• ASSIGNMENT
The span to repeat in the listing below runs from the line containing "Ödülümü Şanlıurfa Büyükşehir" to the line containing "У суботу, 19", inclusive. Repeat it exactly, and only it.

• GIVEN ENTRIES

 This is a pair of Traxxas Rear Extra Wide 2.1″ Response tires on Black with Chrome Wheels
--
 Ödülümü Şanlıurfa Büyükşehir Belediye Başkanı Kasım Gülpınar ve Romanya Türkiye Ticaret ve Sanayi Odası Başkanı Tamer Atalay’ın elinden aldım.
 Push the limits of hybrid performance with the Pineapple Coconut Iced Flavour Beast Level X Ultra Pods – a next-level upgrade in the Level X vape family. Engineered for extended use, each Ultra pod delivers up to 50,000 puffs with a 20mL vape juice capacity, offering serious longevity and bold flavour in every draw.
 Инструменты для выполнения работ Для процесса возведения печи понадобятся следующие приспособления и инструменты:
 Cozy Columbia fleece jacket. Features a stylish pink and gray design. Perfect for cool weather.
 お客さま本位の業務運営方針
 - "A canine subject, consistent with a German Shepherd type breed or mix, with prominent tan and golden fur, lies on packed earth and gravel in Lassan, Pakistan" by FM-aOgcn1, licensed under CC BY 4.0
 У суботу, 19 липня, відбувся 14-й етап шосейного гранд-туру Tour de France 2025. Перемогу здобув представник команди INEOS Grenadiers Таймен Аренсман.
...
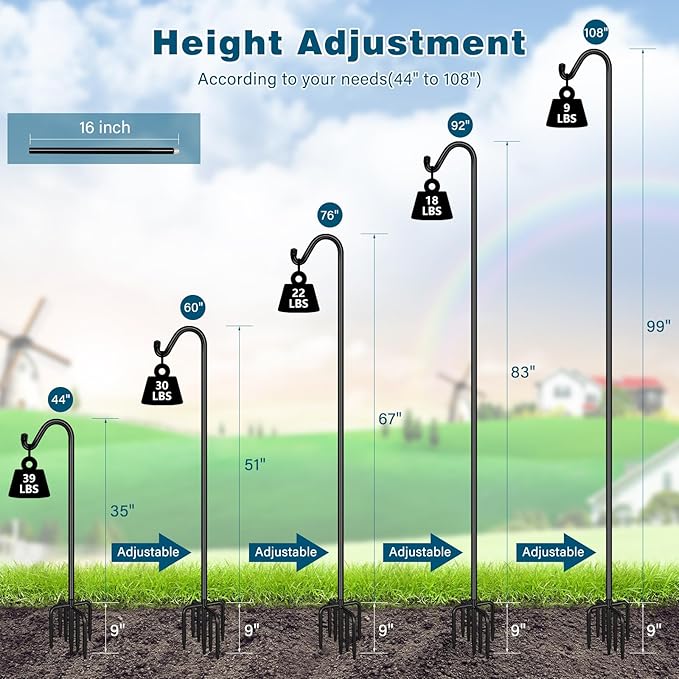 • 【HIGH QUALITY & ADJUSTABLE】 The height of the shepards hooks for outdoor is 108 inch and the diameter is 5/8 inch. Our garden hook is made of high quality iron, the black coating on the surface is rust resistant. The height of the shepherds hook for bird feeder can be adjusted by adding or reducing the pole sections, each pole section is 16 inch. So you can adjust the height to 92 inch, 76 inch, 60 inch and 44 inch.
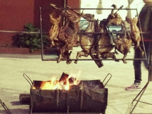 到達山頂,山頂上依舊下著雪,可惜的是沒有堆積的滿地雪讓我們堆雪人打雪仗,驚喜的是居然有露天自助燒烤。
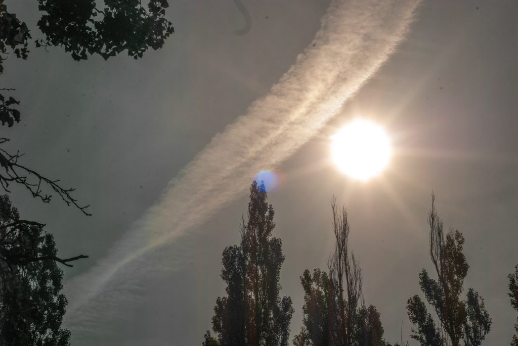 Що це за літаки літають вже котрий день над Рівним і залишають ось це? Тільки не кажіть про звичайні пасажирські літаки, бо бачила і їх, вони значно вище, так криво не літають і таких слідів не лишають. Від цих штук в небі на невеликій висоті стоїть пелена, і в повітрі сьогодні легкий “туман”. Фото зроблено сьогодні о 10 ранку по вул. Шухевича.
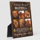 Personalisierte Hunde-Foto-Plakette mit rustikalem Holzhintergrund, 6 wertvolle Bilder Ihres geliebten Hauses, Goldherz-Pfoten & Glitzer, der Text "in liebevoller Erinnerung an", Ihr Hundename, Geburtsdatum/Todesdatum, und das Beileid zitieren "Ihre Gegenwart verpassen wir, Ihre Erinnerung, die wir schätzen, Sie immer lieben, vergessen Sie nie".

• RESPONSE BOX
 Ödülümü Şanlıurfa Büyükşehir Belediye Başkanı Kasım Gülpınar ve Romanya Türkiye Ticaret ve Sanayi Odası Başkanı Tamer Atalay’ın elinden aldım.
 Push the limits of hybrid performance with the Pineapple Coconut Iced Flavour Beast Level X Ultra Pods – a next-level upgrade in the Level X vape family. Engineered for extended use, each Ultra pod delivers up to 50,000 puffs with a 20mL vape juice capacity, offering serious longevity and bold flavour in every draw.
 Инструменты для выполнения работ Для процесса возведения печи понадобятся следующие приспособления и инструменты:
 Cozy Columbia fleece jacket. Features a stylish pink and gray design. Perfect for cool weather.
 お客さま本位の業務運営方針
 - "A canine subject, consistent with a German Shepherd type breed or mix, with prominent tan and golden fur, lies on packed earth and gravel in Lassan, Pakistan" by FM-aOgcn1, licensed under CC BY 4.0
 У суботу, 19 липня, відбувся 14-й етап шосейного гранд-туру Tour de France 2025. Перемогу здобув представник команди INEOS Grenadiers Таймен Аренсман.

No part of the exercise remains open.